▸ Exercise directions: Starting at the line below with "Markanter Schnitt, gefertigt" and stopping at the line with "The file contains", please print each line exactly, those two included, and skip every picture.

▸ Provided records:
★ ★ ★ ★ ★

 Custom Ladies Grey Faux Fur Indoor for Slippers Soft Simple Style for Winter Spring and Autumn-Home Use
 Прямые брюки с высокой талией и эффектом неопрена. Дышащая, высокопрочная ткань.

★ ★ ★ ★ ★

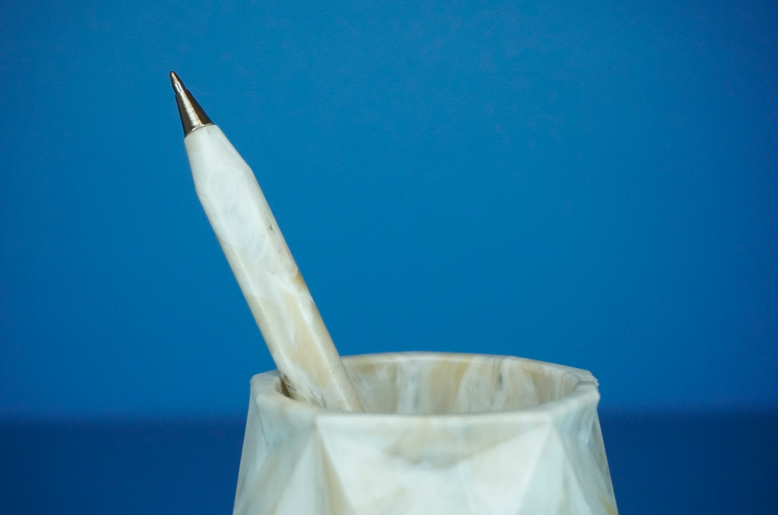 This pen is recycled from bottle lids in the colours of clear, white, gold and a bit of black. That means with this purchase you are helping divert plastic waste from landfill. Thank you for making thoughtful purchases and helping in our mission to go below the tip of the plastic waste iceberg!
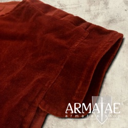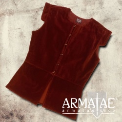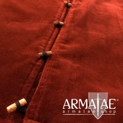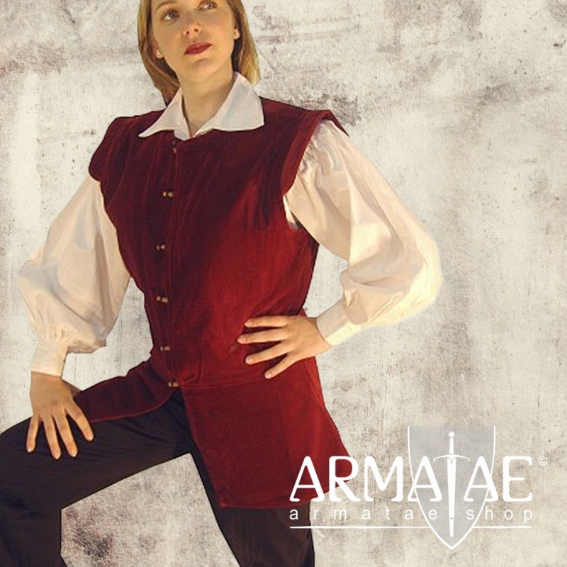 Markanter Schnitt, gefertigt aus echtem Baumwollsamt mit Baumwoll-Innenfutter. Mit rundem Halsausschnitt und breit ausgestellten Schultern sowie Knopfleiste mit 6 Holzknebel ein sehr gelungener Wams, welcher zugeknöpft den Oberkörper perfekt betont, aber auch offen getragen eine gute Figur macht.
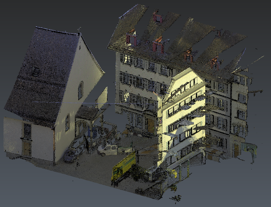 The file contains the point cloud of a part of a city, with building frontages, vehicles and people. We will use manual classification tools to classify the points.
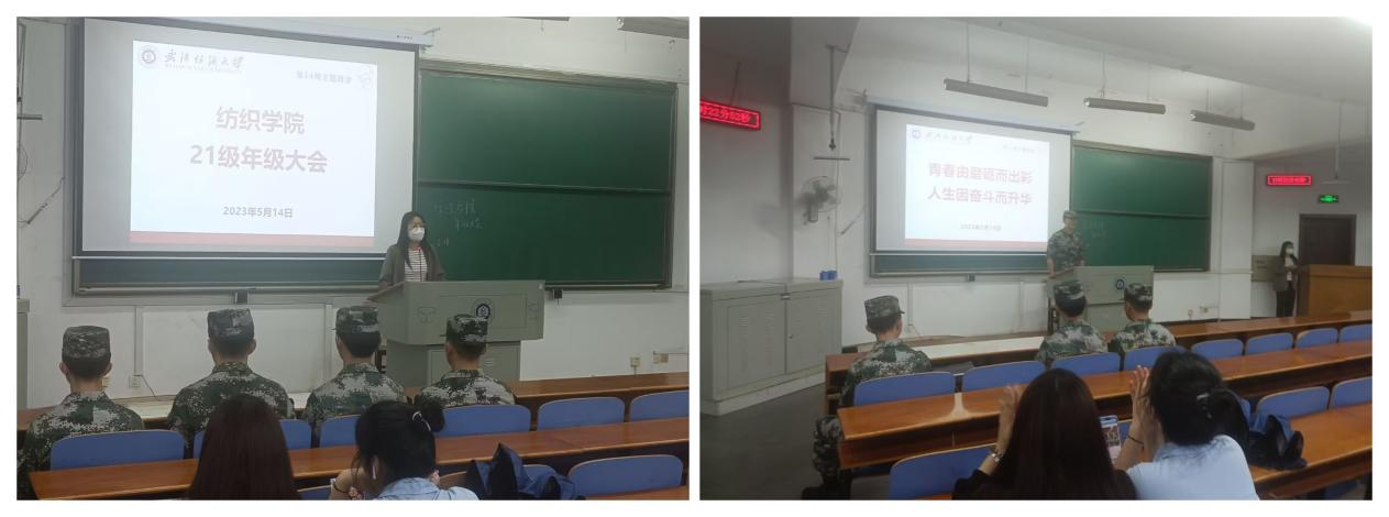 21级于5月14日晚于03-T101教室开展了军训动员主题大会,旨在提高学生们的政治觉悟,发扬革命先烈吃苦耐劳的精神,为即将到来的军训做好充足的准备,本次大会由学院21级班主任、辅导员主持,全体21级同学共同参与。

★ ★ ★ ★ ★

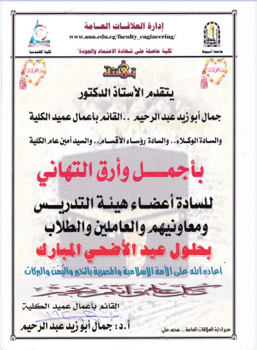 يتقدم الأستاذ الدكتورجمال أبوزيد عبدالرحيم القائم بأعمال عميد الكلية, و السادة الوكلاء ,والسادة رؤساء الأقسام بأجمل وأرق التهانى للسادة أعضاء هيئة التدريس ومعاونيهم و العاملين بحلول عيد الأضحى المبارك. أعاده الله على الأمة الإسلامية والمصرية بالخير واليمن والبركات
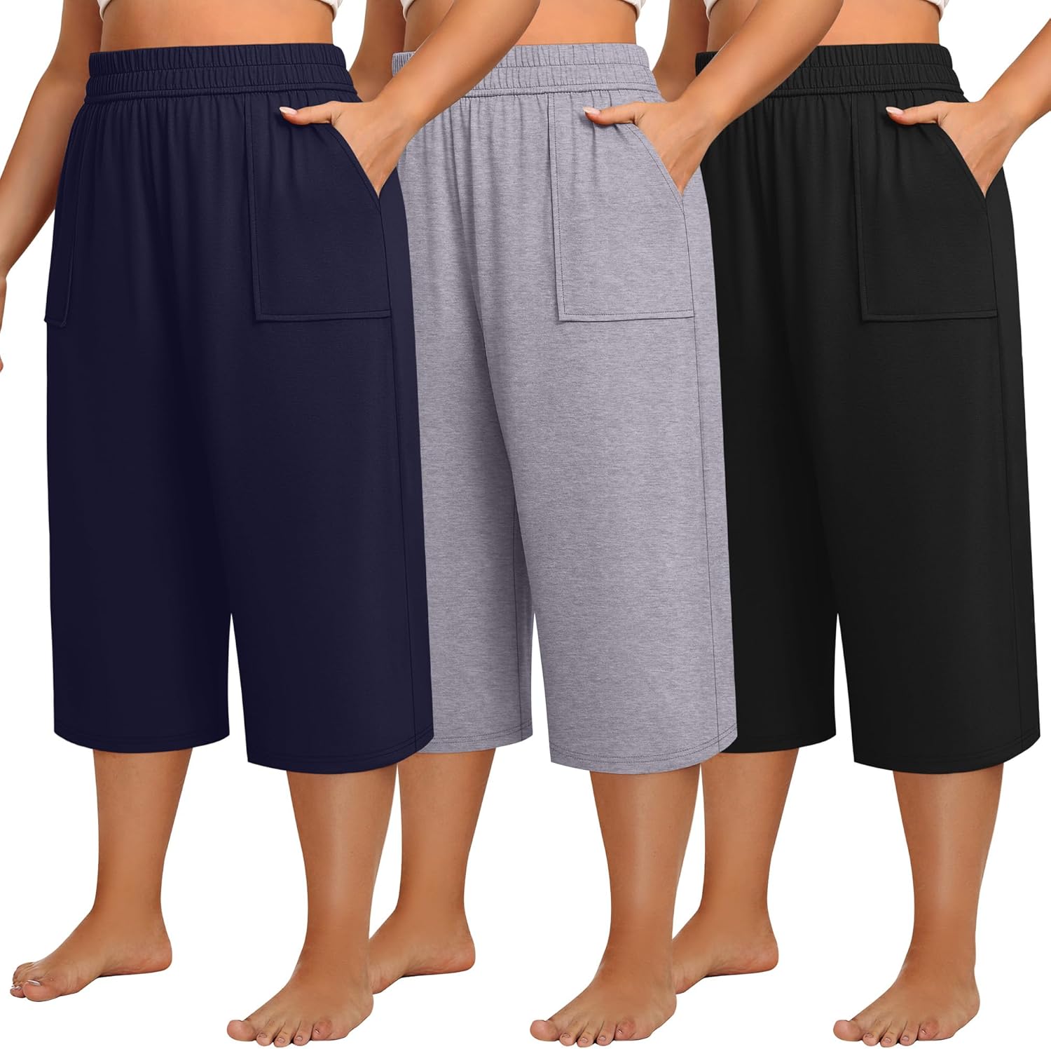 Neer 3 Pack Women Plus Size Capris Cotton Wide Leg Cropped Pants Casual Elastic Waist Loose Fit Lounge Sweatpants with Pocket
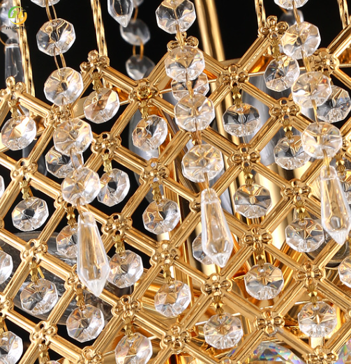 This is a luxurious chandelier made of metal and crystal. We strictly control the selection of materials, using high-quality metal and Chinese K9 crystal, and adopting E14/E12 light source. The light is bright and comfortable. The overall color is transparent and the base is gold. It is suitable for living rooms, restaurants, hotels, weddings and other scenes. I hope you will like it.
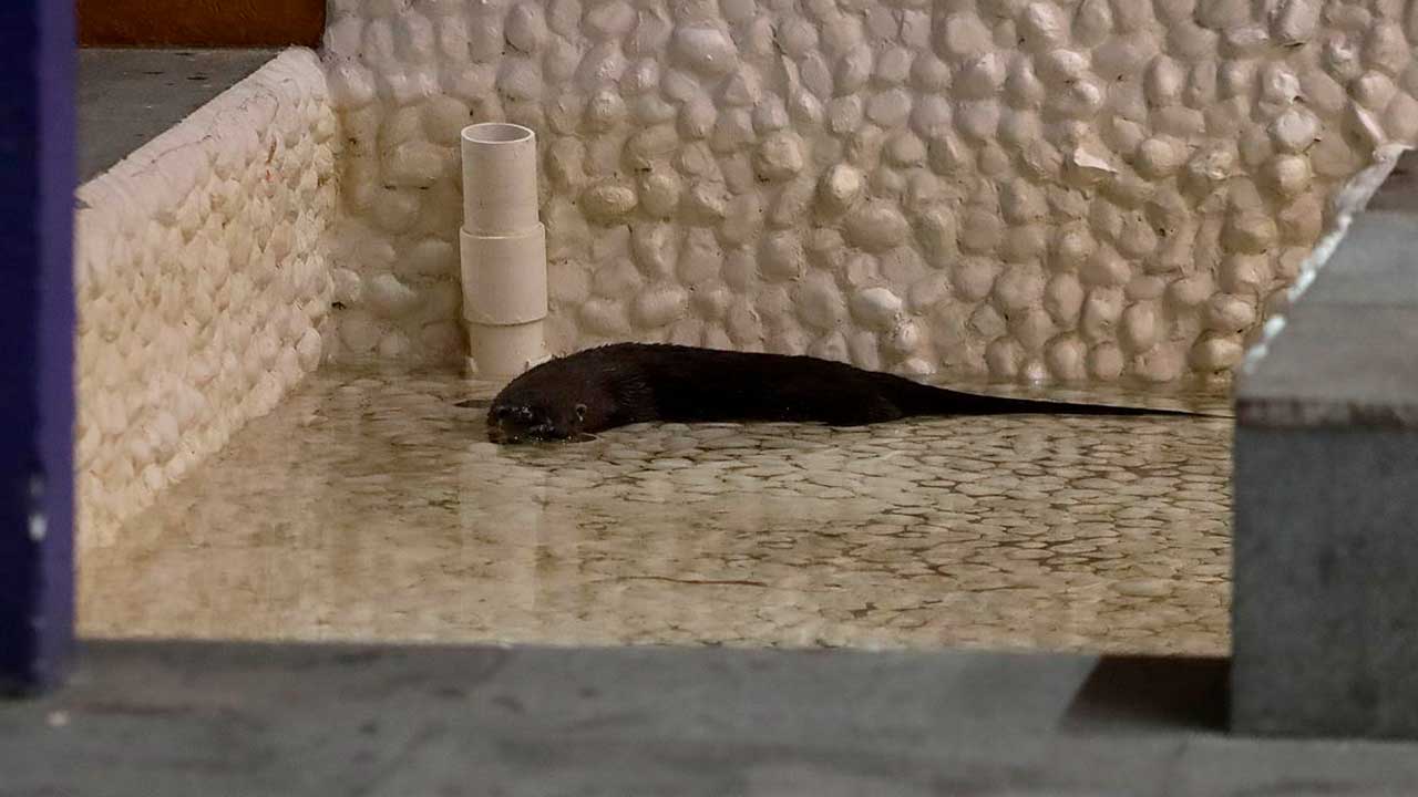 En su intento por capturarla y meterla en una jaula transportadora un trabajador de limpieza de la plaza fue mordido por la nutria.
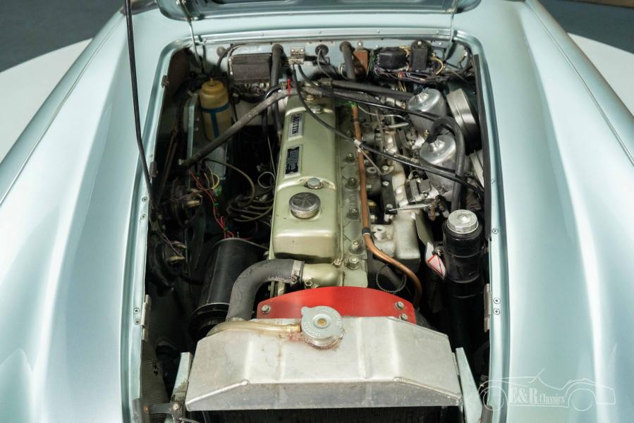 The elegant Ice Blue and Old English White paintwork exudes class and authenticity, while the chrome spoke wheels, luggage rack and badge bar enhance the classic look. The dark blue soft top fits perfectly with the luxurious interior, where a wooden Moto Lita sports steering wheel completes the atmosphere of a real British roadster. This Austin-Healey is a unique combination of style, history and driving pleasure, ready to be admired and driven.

★ ★ ★ ★ ★

▸ Result:
 Markanter Schnitt, gefertigt aus echtem Baumwollsamt mit Baumwoll-Innenfutter. Mit rundem Halsausschnitt und breit ausgestellten Schultern sowie Knopfleiste mit 6 Holzknebel ein sehr gelungener Wams, welcher zugeknöpft den Oberkörper perfekt betont, aber auch offen getragen eine gute Figur macht.
 The file contains the point cloud of a part of a city, with building frontages, vehicles and people. We will use manual classification tools to classify the points.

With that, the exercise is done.